Disciplining Death: Assessing and Ameliorating Arbitrarines in Capital Charging

Sherod Thaxton.

Justice Stephen Breyer recently made international headlines when he emphasized that reforms to the capital punishment process have apparently failed to ameliorate the rampant arbitrariness, capriciousness, and bias that led the U.S. Supreme Court to temporarily invalidate the death penalty over forty years ago. According to the Justice, the primary cause of this failure has been the Court’s backpedaling on the very substantive and procedural protections it initially articulated as necessary for the constitutional administration of the death penalty. The Court’s capital punishment jurisprudence initially underscored the importance of social scientific evidence in assessing the fairness of capital punishment systems, but now the Court routinely minimizes, or outright ignores, social science evidence on the operation of the death penalty. This has led to the growing disjunction between the Court’s rhetoric and the reality of capital punishment. Justice Breyer underscored the Court’s responsibility in holding death penalty systems accountable and called for full briefing on the basic question of the social realities of the administration of capital punishment.
Meaningful death penalty reform, if possible, requires a more prominent role for social science in death penalty decision-making. In this Article, I develop a doctrinally anchored statistical model that carefully disentangles and evaluates questions of arbitrariness, bias, and disproportionality in capital charging. I begin by discussing the Court’s inconsistent efforts to rationalize and regulate capital punishment systems. I then adopt a framework of statistical inference in an effort to provide greater definitional and analytical clarity.

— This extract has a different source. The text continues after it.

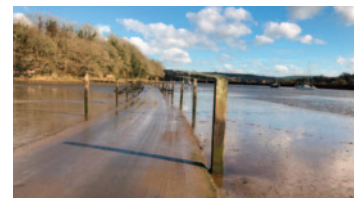
21 - Tidal Road

Finally, I describe a set of analytical tools uniquely suited for diagnosing capital charging errors that closely aligns with the Court’s conceptualization of unacceptable arbitrariness. I illustrate the usefulness of the model on data involving actual death penalty-eligible defendants from Georgia.
My analysis reveals that death penalty charging practices are highly inconsistent, irrational, and disproportionate, both within and across jurisdictions in Georgia. The Article concludes by explaining how the empirical model might be used to improve accuracy and consistency in capital charging systems through empirically informed front-end charging screening.